Bath & North East Somerset Council has prosecuted a landlord for failing to ensure he applied for a licence to operate a licensable rental property.

At Bath Magistrates’ Court, Richard Seccombe of Wells Road in Bath was fined a total of £4,900 and ordered to pay costs of £1,249.60, along with a victims’ surcharge of £170, after pleading guilty to nine offences.

Seccombe was charged with failing to license a House in Multiple Occupancy (HMO) under the council’s Mandatory Licensing and Additional Licensing schemes.

He also pleaded guilty to seven offences relating to the Management of HMOs – including failing to maintain a safe means of escape from fire, failing to provide working smoke alarms, failing to provide a sufficient fire resistant door to the kitchen, failing to provide escape locks to bedrooms and the front door, broken glass in the back door, an unguarded deep hole in the garden with no hand rails to steps – and a cracked bedroom window.

The charges relate to a property at Wells Road, Bath – a three-storey house occupied by the landlord and up to four tenants

The property was identified by the council’s Housing Services as operating without a licence in September 2016.

The landlord had previously been convicted by the council for failure to comply with an improvement notice designed to protect the health, safety and welfare of his then tenants.

As a result of the current breaches – and in light of his previous conviction – the council took the decision to prosecute. Since being made aware of the need to be licensed, the landlord has put the property up for sale and evicted his tenants, said the council.
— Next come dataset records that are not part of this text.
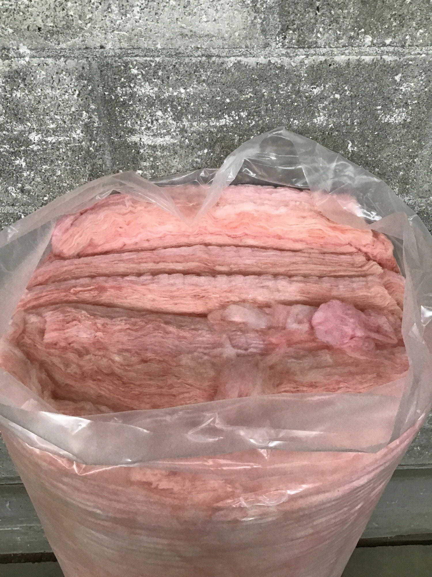 New unlabeled bag of unfaced insulation, likely R38. ~40 SF of coverage, 8 pieces in the bag.
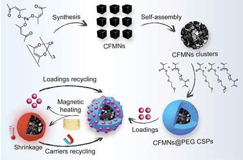 图1.可回收磁热响应亚微米复合颗粒CFMNs@PEG CSPs的设计和制备
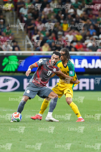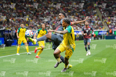 Zapopan, Jalisco, 26 de marzo de 2026. Angelo Fulgini y Bobby De Cordova-Reid, durante el partido correspondiente a las Semifinales del Torneo Clasificatorio de la Copa Mundial de la FIFA México, Estados Unidos y Canadá 2026 entre la selección de Nueva Caledonia y la selección de Jamaica, celebrado en el estadio Guadalajara. Foto: Imago7/ Juan Carlos Cubeyro.
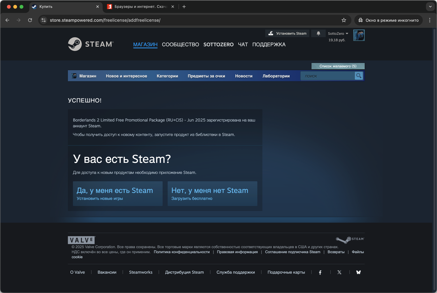 - Укажите свой возраст и на следущей странице нажмите кнопку Добавить в аккаунт для BORDERLANDS 2 LIMITED FREE PROMOTIONAL PACKAGE (RU+CIS) - JUN 2025.
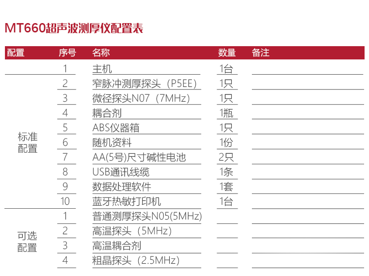 | 探頭直徑 | 測厚探頭NO5直徑10MM、微晶探頭N07直徑6MM、高溫探頭HT5直徑12MM、窄脈沖測厚探頭P5EE直徑10MM、粗晶探頭直徑12MM |
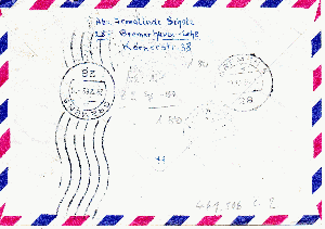 " Der Brief (aus ) kam vermutlich im Luftpostkartenschluss aus Genf direkt zur Luftpostleitstelle Köln, daher der Stempel aus Porz-Wahn. Wäre er über den Erdweg und die Schiene (Bahnpost) gelaufen hätte er andere Eilbotenstempel auf der Rückseite. In Porz in der Luftpostleitstelle wurde der Versand entkartet und ist am 15 abends bis 20 Uhr gestempelt. Wurde dann vermutlich mit einer Straßenpost bzw. Ortspost zum Postamt Köln 3 Briefabgang an den Bahnhof geleitet. Daher der Stempel 5c/15-22 – dort bis 22 Uhr gestempelt! Nächster Abgang nach 22 Uhr lt. Postkursbuch war die ÜpU ab Köln 1/2 am Hbf um 1.35 Uhr. So wurde der Brief ab Köln Briefabgang auf die ÜpU (Überlandpost mit Umarbeitung) geleitet. Aachen an 04:25 Uhr. Diese ÜpU hat gestempelt mit 510-3 04/13. 510-3 ist das Fahrplanbild (510 steht für den Leitbereich Aachen und Dienstleitendes Postamt und -3 für das Fahrplanbild) bzw. Straßenpostnummer und 04 war die Fahrtnummer. Der 13. ist das Datum und sieht bei näherem hinschauen auf dem Brief schaut es wie der 15. aus. Dann in Aachen gestempelt bis 5 Uhr und der andere Stempel ist der von der Eilzustellung in Aachen, dort ist Brief am 15 X 70 morgens zwischen 6 und 7 Uhr morgens.
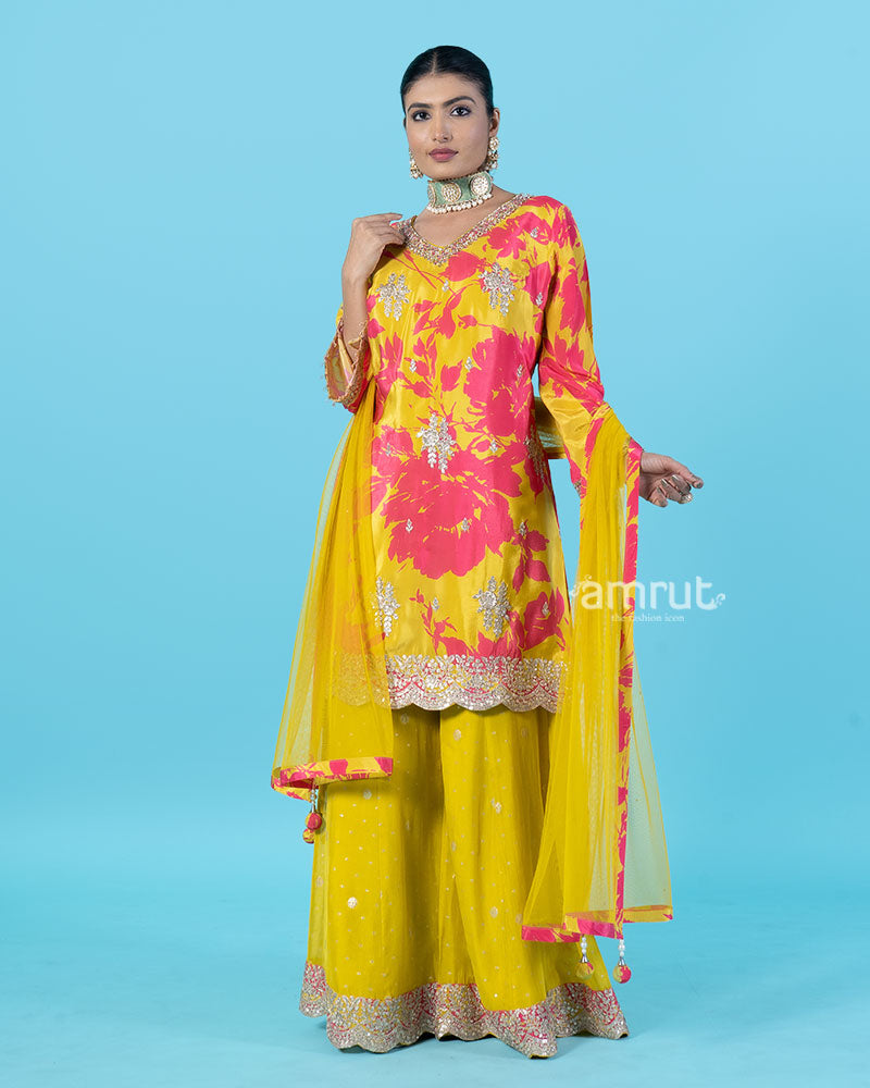 Sunshine Bloom Yellow Embroidered Palazzo Suit with Floral Print Pants & Sequin Crop To

Bath & North East Somerset Council’s Cabinet Member for Homes and Planning, Councillor Liz Richardson, said:

“We are pleased with the outcome of this prosecution and the level of fine, which reflects the seriousness of the offence.

“Housing Services will always try to work in partnership with landlords to improve housing standards.

“In most cases, this works – but where it fails and landlords needlessly put the safety of their tenants at risk, we will consider taking strong enforcement action to send a clear message that operating properties outside of the law will not be tolerated in Bath and North East Somerset.”


Failure to licence a licensable HMO is an offence under the Housing Act 2004.